A decision tree is a decision support tool that uses a tree-like graph or model of decisions and their possible consequences, including chance event outcomes, resource costs, and utility. It is one way to display an algorithm that only contains conditional control statements.
Decision trees are commonly used in operations research, specifically in decision analysis, to help identify a strategy most likely to reach a goal, but are also a popular tool in machine learning.
Category | Usage | Methematics | Application Field |
---|---|---|---|
Supervised Learning | Classification, Regression | Entropy | Operations Research, Data Mining |
-
Classification Tree: the predicted outcome is the class to which the data belongs.
-
Regression Tree: The predicted outcome can be considered a real number (e.g. the price of a house, or a patient's length of stay in a hospital).
Difference: The procedure to decide which question to ask and when.
- ID3 (Iterative Dichotomiser 3)
- C4.5 (successor of ID3)
- C5.0
- CART (Classification And Regression Tree)
- CHAID (CHi-squared Automatic Interaction Detector): Performs multi-level splits when computing classification trees.
- MARS: extends decision trees to handle numerical data better.
- Conditional Inference Trees: Statistics-based approach that uses non-parametric tests as splitting criteria, corrected for multiple testing to avoid overfitting.
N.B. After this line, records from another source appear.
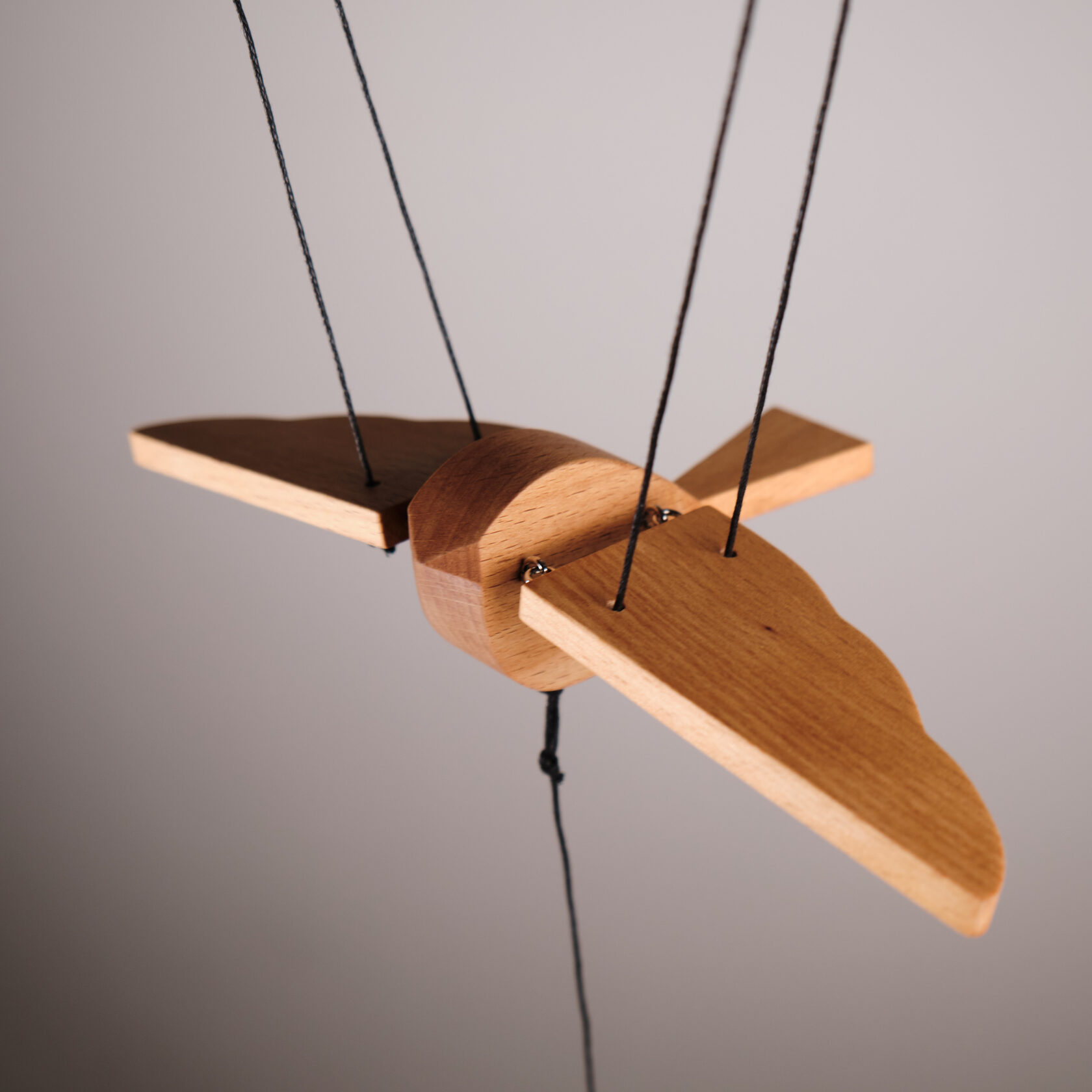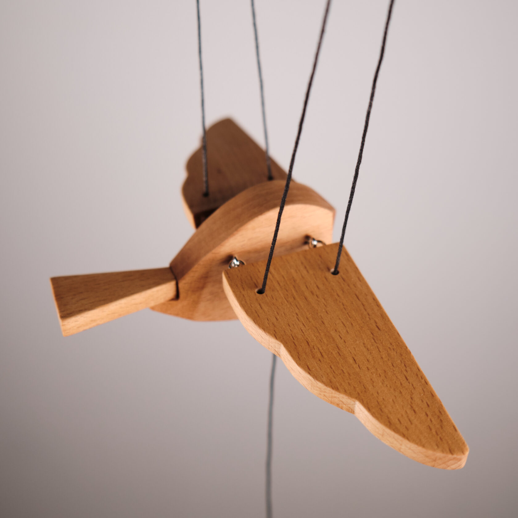 Невеличка. Ласточка - первая из стаи трех новых невеличек. Изящная ласточка сбалансирована, при оттягивании нити вниз машет крыльями. Игрушка небольшая, подойдет в любой интерьер и особенно в детскую комнату.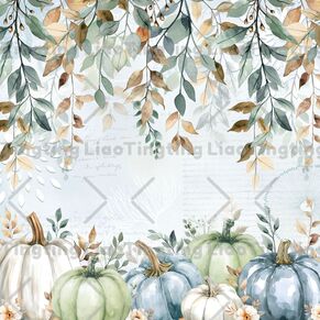 Thanksgiving,Autumn,Eucalyptus Leaves,Leaves,Plants,Green Pumpkin,White Pumpkin,Blue Pumpkin,Light Blue Letter Background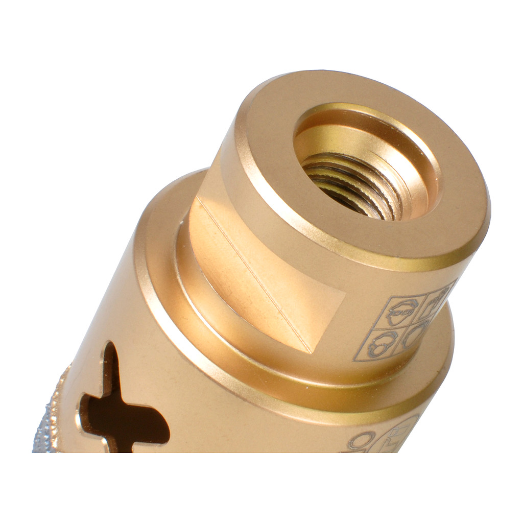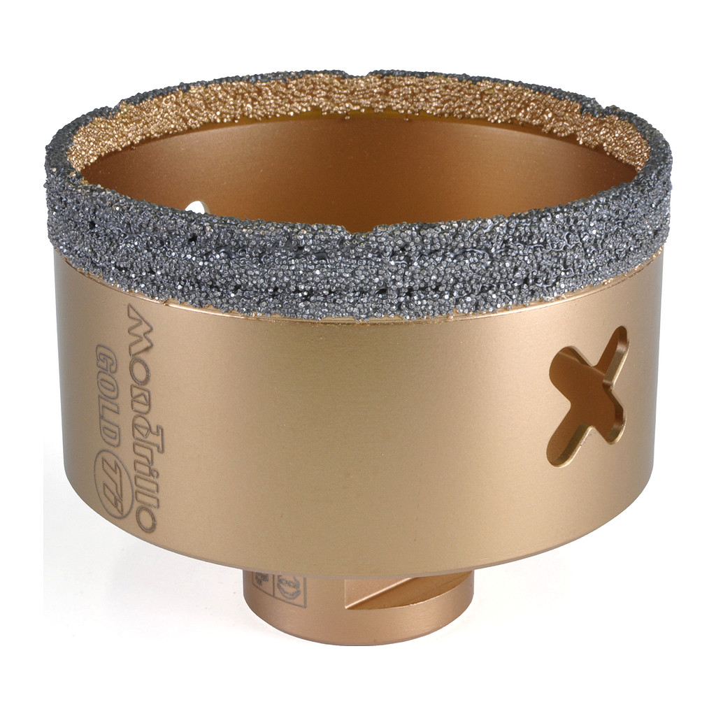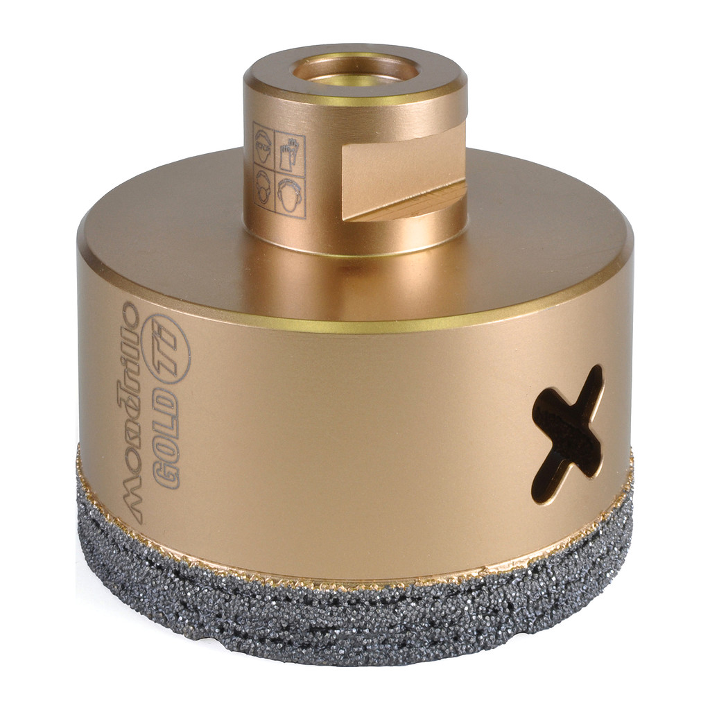 Rychlé vrtání za sucha i mokra do tvrdých dlažeb, keramiky, kámene a obkladu. Průměr 75 mm. Ideální pomocník pro obkladače, elektrikáře a instalatéry. Do úhlové brusky. Novinka 2024 – korunky zlaté řady FS-TI Mondrillo X Titanium gold nahradila předchozí řadu Modrillo FS (modré). Ve srovnání s předchozí generací FS má tělo z titanu a nové uspořádání diamantových zrn, což prodlužuje životnost a zvyšuje výkon až o 30 %. Korunky jsou určeny na rychlé vrtání do tvrdých materiálů. Upevňují se přímo do úhlové brusky. Speciální spirálový tvar diamantového prstence zajišťuje vyšší rychlost a delší životnost ve srovnání s podobnými běžnými korunkami. Pro urychlení vrtání a zvýšení životnosti se doporučuje korunky při vrtání ochlazovat ponořením do studené vody a po celou dobu vrtat krouživým pohybem. Pozor! Korunka po obroušení diamantu nevrtá, i když stále vypadá jako nová!! Na přiloženém videu je možné shlédnout pracovní postupy pro vrtání se starší generací Mondrillo FS. Videou s FS-TI připravujeme.

This approach results in unbiased predictor selection and does not require pruning.
- Node
- Receive a list of rows as input.
- Root node: Receive the entire training set.
- Leaf node: No further question to ask
- Ask a true false question about one of the features.
- Response to question => Split (partition) the data into two subsets
- Receive a list of rows as input.
- Goal: Unmix the labels as we proceed down.
- Produce the purest possible distribution of the labels at each node.
- Perfectly unmixed: The input to a node contains only a single type of label. => No uncertainty on the type of label.
- Trick to building an effective tree: To understand which question to ask and when.
- What type of questions can we ask about the data?
- How to decide which question to ask when?
- Quantify how much a question helps to unmix the labels.
- Quantify the amount of uncertainty at a single node using a metric - Gini Impurity
- Quantify how much a question reduces that uncertainty using a concept - Information Gain
- Select the best question to ask at each point. And given that question, we'll recursively build the tree on each of the new nodes. We'll continue dividing the data until there are no further questions to ask, at which point we'll add a leaf.
Algorithms for constructing decision trees usually work top-down, by choosing a variable at each step that best splits the set of items.[14] Different algorithms use different metrics for measuring "best". These generally measure the homogeneity of the target variable within the subsets. These metrics are applied to each candidate subset, and the resulting values are combined (e.g., averaged) to provide a measure of the quality of the split.
- ID3: Information Gain
- C4.5: (Information) Gain Ratio
- CART: Gini Impurity(Index)
Impurity: Chance of being incorrect if you randomly assign a label to an example in the same set. (i.e. The Uncertainty)
Information Entropy: the average rate at which information is produced by a stochastic source of data.
- Goal: Find the best question to ask (i.e. reduces our uncertainty the most). => A number to describe how much a question helps to unmix the labels at a node.
- Information Gain = Starting Impurity - Average Impurity of Child Nodes
- Average Impurity (Weighted average of child nodes' uncertainty)
- Weighted Average: We care more about a large set with lower uncertainty than a small set with high.
- Average Impurity (Weighted average of child nodes' uncertainty)
- Procedure: Keep tracking the question that produces the most gain. => the best one to ask at this node.
Gain Ratio: The normalized information gain.
Decision-tree learners can create over-complex trees that do not generalize well from the training data. (This is known as overfitting.) Mechanisms such as pruning are necessary to avoid this problem (with the exception of some algorithms such as the Conditional Inference approach, that does not require pruning).
- Evolution: ID3 -> C4.5 -> C5.0
- An algorithm to generate a decision tree.
- An extension of ID3 Algorithm. (same author, Ross Quinlan)
- Often reffered to as a Statistical Classifier.
- "A landmark decision tree program that is probably the machine learning workhouse most widely used in practice to date."
Classification and regression trees (CART) are a non-parametric decision tree learning technique that produces either classification or regression trees, depending on whether the dependent variable is categorical or numeric, respectively.
Base cases:
- All the samples in the list belong to the same class. When this happens, it simply creates a leaf node for the decision tree saying to choose that class.
- None of the features provide any information gain. In this case, C4.5 creates a decision node higher up the tree using the expected value of the class.
- Instance of previously-unseen class encountered. Again, C4.5 creates a decision node higher up the tree using the expected value.
- Check for the above base cases.
- For each attribute a, find the normalized information gain ratio from splitting on a.
- Let a_best be the attribute with the highest normalized information gain.
- Create a decision node that splits on a_best.
- Recur on the sublists obtained by splitting on a_best, and add those nodes as children of node.